In the present study, the LA content of LAB+cellulase- treated silage was significantly higher than that of other silage treatments due to the conversion of cellulosic material into monosaccharides by cellulase, which enhanced the growth of LAB. However, at different exposure times, silage treated with LAB, cellulase and LAB+cellulase exhibited no significant differences from the control silage in ammonia-N/TN. This result could be explained by a high abundance of LAB, which can enhance fermentation quality, and by low pH, which inhibits the growth and proteolytic activity of clostridia [25]. During ensilage, clostridia cannot degrade protein to produce ammonia-N; therefore, it is impossible to obtain large quantities of ammonia-N. In this study, exposure time, additives and their interaction affected the pH and organic acid content but did not affect the ammonia-N/TN of silage. Thus, exposure time and additives can influence silage fermentation quality.

High fiber content generally leads to a decline in feed IVD MD [26]. In this study, IVDMD, IVOMD, IVCPD, and IVGED levels of corn stover silage were lower than those of unfermented corn stover due to a significant increase in NDF, ADF, and ADL contents (Table 6). Santos et al [27] found that after fermentation, IVDMD decreased by an average of 21.3% in three sugarcane shoots. Therefore, IVDMD was higher in the cellulase treatment than in the control and LAB treatments. OM digestibility is a key factor reflecting the nutritional intake efficiency and production value potential of animal feed; lignin content is negatively correlated with IVOMD [28] and is considered to be a major factor affecting plant cell wall digestibility [29]. In this study, corn stalk IVDMD and IVOMD decreased significantly as exposure time increased; the corn maturity, stem-to-leaf ratio, and the degree of stover lignification also increased, leading to reduced in vitro digestibility. This result was consistent with that of corn stover silage in our study. As the exposure time was prolonged, the CP content and energy decreased. Rain, sunlight and microbial growth during field exposure may contribute to declines in IVCPD and IVGED.

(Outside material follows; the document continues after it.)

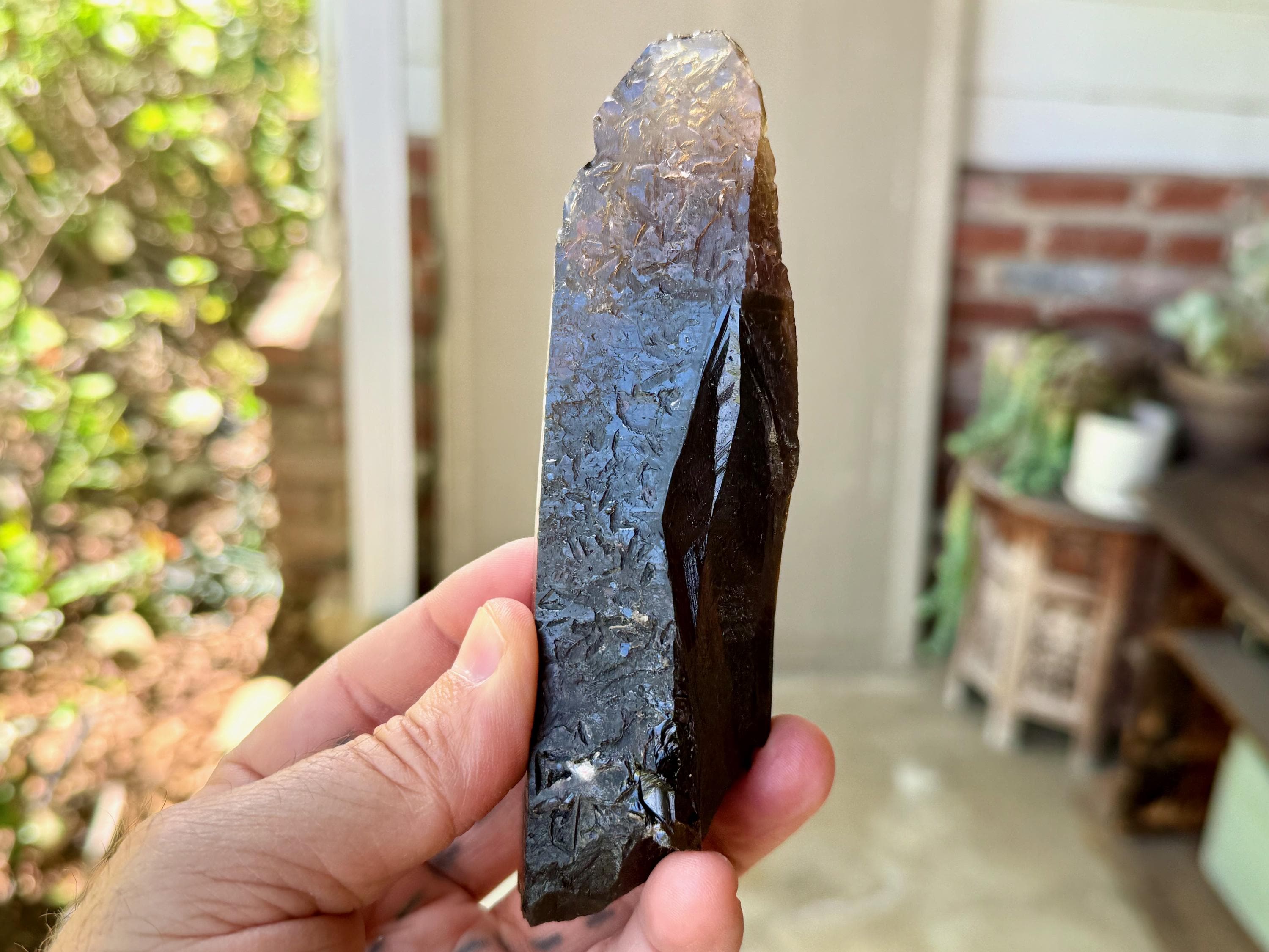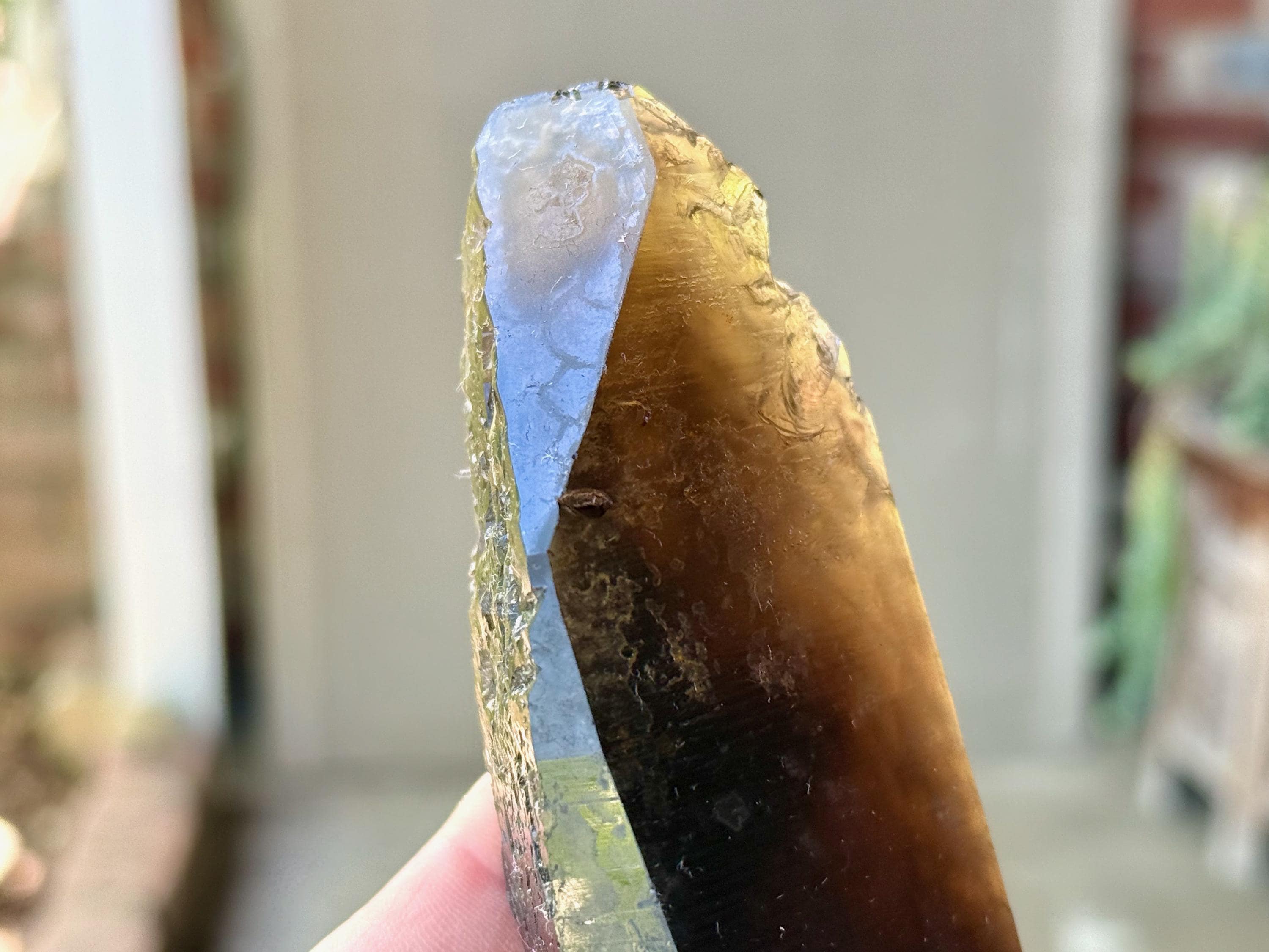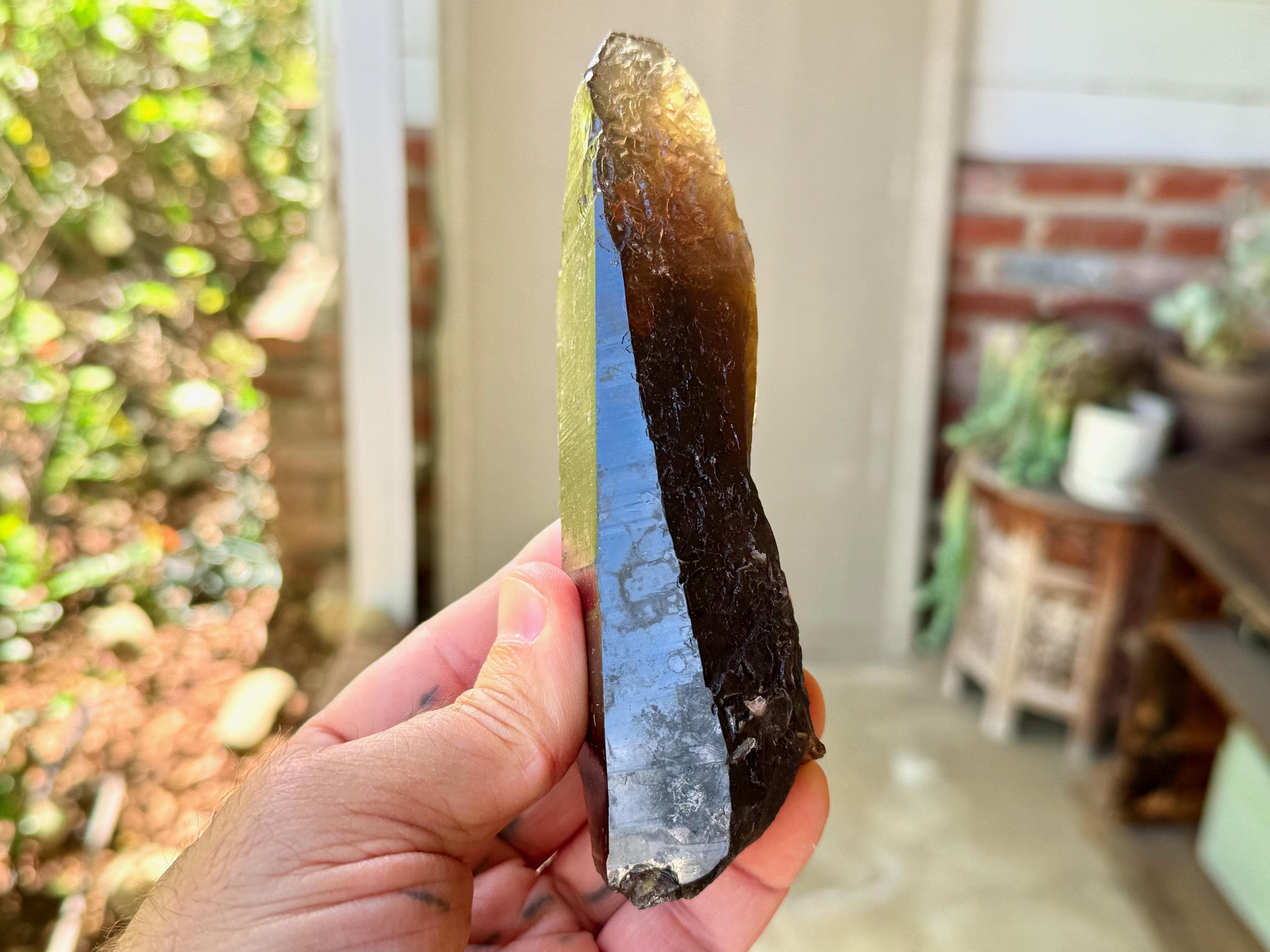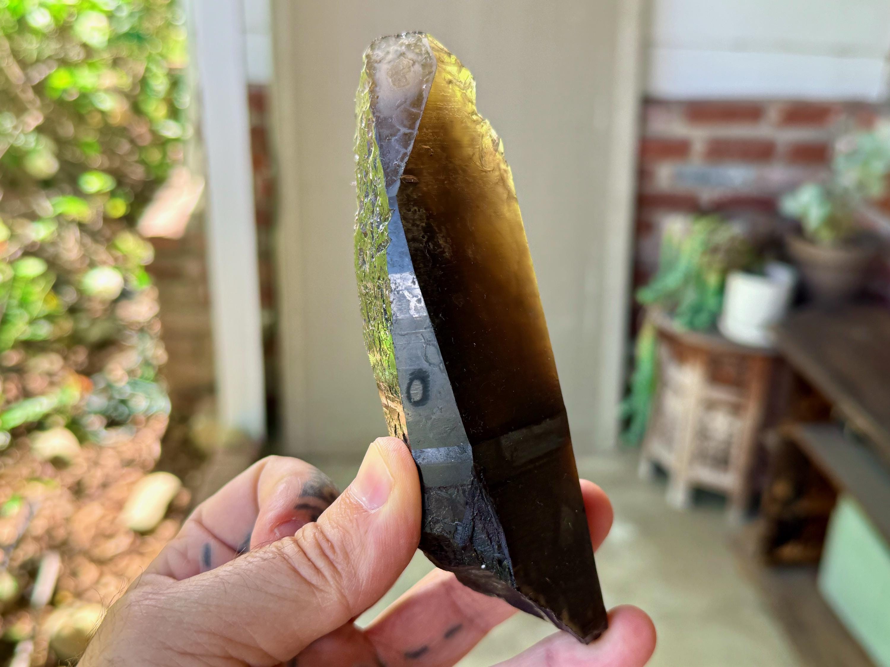This crystal appears super dark and opaque at first, save for the golden tip. However, when backlit, it lights up brilliantly, revealing its vibrant Citrine golden color (Photos 3-4).

Exposure time and cellulase affected the in vitro digestibility of corn stover silage; however, the interaction between exposure time and LAB treatment had a significant impact only on IVCPD. Silage fermentation quality depends on the type of microorganisms applied; their growth is affected by two main factors: the exposure time of the microorganisms to the straw and the fermentation additive. The LA production inhibits the effects of other microorganisms. The growth substrate of these microorganisms is mainly protein, such that D×LAB mainly affects IVCPD.

CONCLUSION

In this study, we examined the chemical composition and in vitro digestibility of field-exposed corn stover and the fermentation characteristics of silage prepared using microbial additives. Fresh corn stover had levels of certain nutrients that are characteristic of good ensilage materials. Corn stover generally lost nutrients during exposure. Ensilage preserved nutrients well, and our findings indicate that silage should be prepared using fresh stover. The addition of LAB and cellulase improved fermentation and in vitro digestibility of corn stover silage.